« SINCE I’VE BEEN ME » : BOB WILSON MAGNIFIE PESSOA

Since I’ve been me – Robert Wilson – Théâtre de la Ville, Paris – 5 au 16 novembre 2024.

A 83 ans, le metteur en scène américain Bob Wilson est une légende. Ses fréquents passages à Paris nous ont habitué à ses tableaux méticuleusement composés sur fonds colorés avec des silhouettes maquillées irréprochables (Le livre de la jungle, L’opéra de Quat’sous, Faust, Lulu et tant d’autres). Since I’ve been me ne déroge pas à la règle : les images se reconnaissent entre mille, la silhouette de femme se détachant d’un univers bleu à côté de l’ombre d’un arbre ressemble comme deux gouttes d’eau à une scène de Lulu. Le spectacle se démarque par son sujet : l’œuvre du grand écrivain portugais Fernando Pessoa, et par la variété des acteurs talentueux rassemblés autour du projet. L’œuvre et le modernisme du poète sont illustrés de manière vivante et vibrante, une belle invitation à se plonger dans un univers souvent méconnu.

Fernando Pessoa est né à la fin du XIXe siècle, et mort en 1935. Trilingue, il a beaucoup écrit en anglais, portugais et un peu en français. Il est notamment connu pour ses nombreux hétéronymes, noms de plume variés qui ont chacun une identité propre d’écrivain. Le spectacle navigue entre ces hétéronymes et des extraits de poèmes abordés en plusieurs langues, un assemblage hétéroclite qui peint un portrait par touches successives.

Fond de scène bleu et rayonnant, facilement reconnaissable. Une frêle silhouette arborant la moustache et le chapeau du poète nous attend en bord de plateau, un léger sourire aux lèvres. Viendront bientôt les fameux hétéronymes, tous avec leur physique et personnalité distincte. La galerie de portraits prend la pose, il y a un côté cabaret et show business dans la démonstration.

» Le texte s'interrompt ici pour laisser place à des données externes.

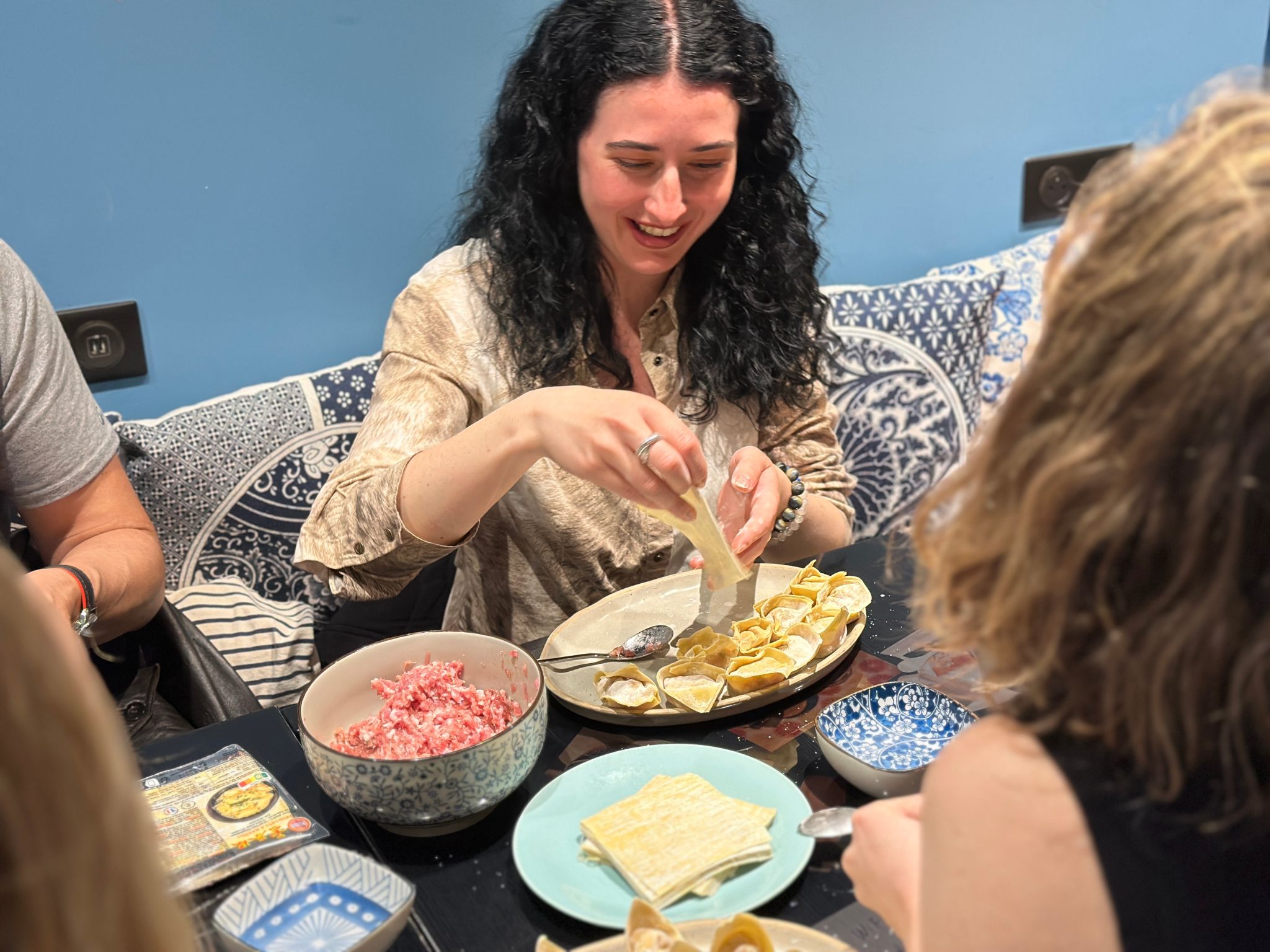 活动当天,米与蜜餐厅内洋溢着欢声笑语。在专业厨师的指导下,参与者们兴致勃勃地学习了制作四川抄手的全过程。从肉馅调制的技巧到抄手成型的手法,每一个环节都令大家啧啧称奇。许多参与者表示,这是他们第一次亲身参与中国传统面食的制作,既新奇又充满乐趣。有人甚至拿起笔记本,详细记录每一个制作细节。

Les vers claquent, savamment répétés, histoire de donner du poids aux mots. « I know not what tomorrow will bring ». Les extraits de l’oeuvre de Pessoa s’égrènent au fil du spectacle, sans ordre apparent. Si la répétition ancre le texte, le côté multilingue peut perdre parfois. Les images sont puissantes, comme celles liées à la haine de la couleur rouge. Les résonances sont plus ou moins fortes, certains passages sont plus abscons que d’autres. Il n’en reste pas moins une belle association entre poésie, images et bande sonore.

La distribution est splendide, à commencer par Maria de Medeiros dans le rôle de Fernanco Pessoa, avec des talents multiples, dont le contre-ténor Rodrigo Ferreira qui lancera la chanson Since I’ve been me créée par Nick Sagar pour l’occasion. Tous se plient à la direction millimétrique du metteur en scène américain, avec des arrêts sur image impeccables sur chacun des tableaux.